** Opening RECORDS FOR THIS TASK block **

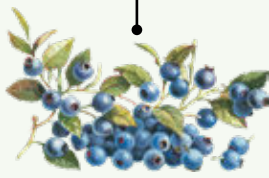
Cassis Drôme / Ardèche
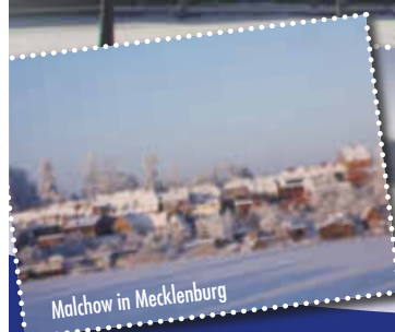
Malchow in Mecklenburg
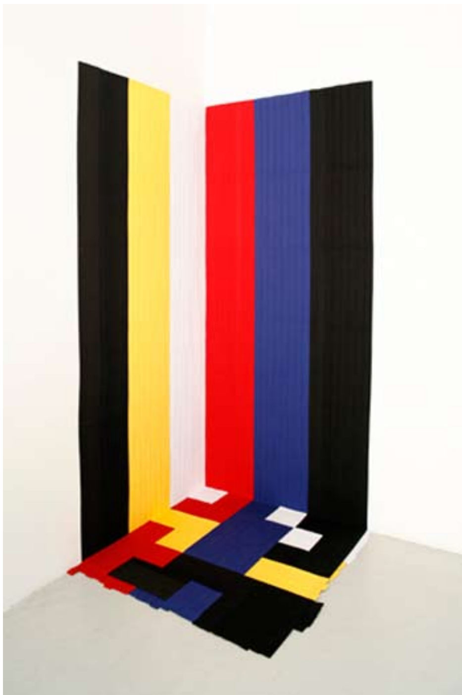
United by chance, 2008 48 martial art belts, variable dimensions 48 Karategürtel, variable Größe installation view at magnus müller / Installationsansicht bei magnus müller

** Closing RECORDS FOR THIS TASK block **
** Opening RECORDS FOR THIS TASK block **

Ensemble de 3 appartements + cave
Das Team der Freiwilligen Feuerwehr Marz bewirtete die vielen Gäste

** Closing RECORDS FOR THIS TASK block **
** Opening RECORDS FOR THIS TASK block **

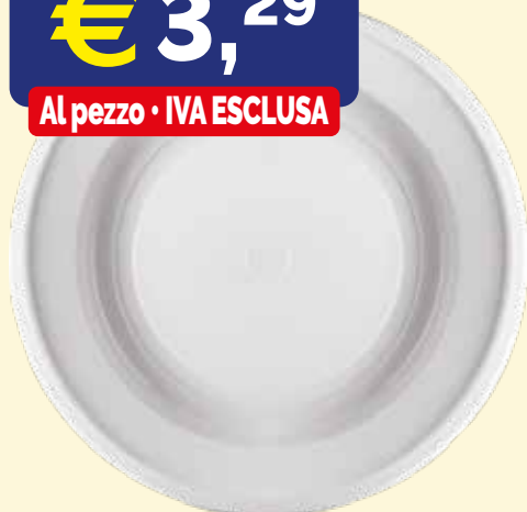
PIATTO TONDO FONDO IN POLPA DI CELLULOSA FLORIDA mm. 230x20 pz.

** Closing RECORDS FOR THIS TASK block **

◆ **TASK OBJECTIVE**:
With the pictures removed, print only the lines starting at the line that has "Cassis Drôme / Ardèche" and ending at the line that has "United by chance, 2008", both ends included, exactly as they stand above.

◆ **TASK ANSWER**:
Cassis Drôme / Ardèche
Malchow in Mecklenburg
United by chance, 2008 48 martial art belts, variable dimensions 48 Karategürtel, variable Größe installation view at magnus müller / Installationsansicht bei magnus müller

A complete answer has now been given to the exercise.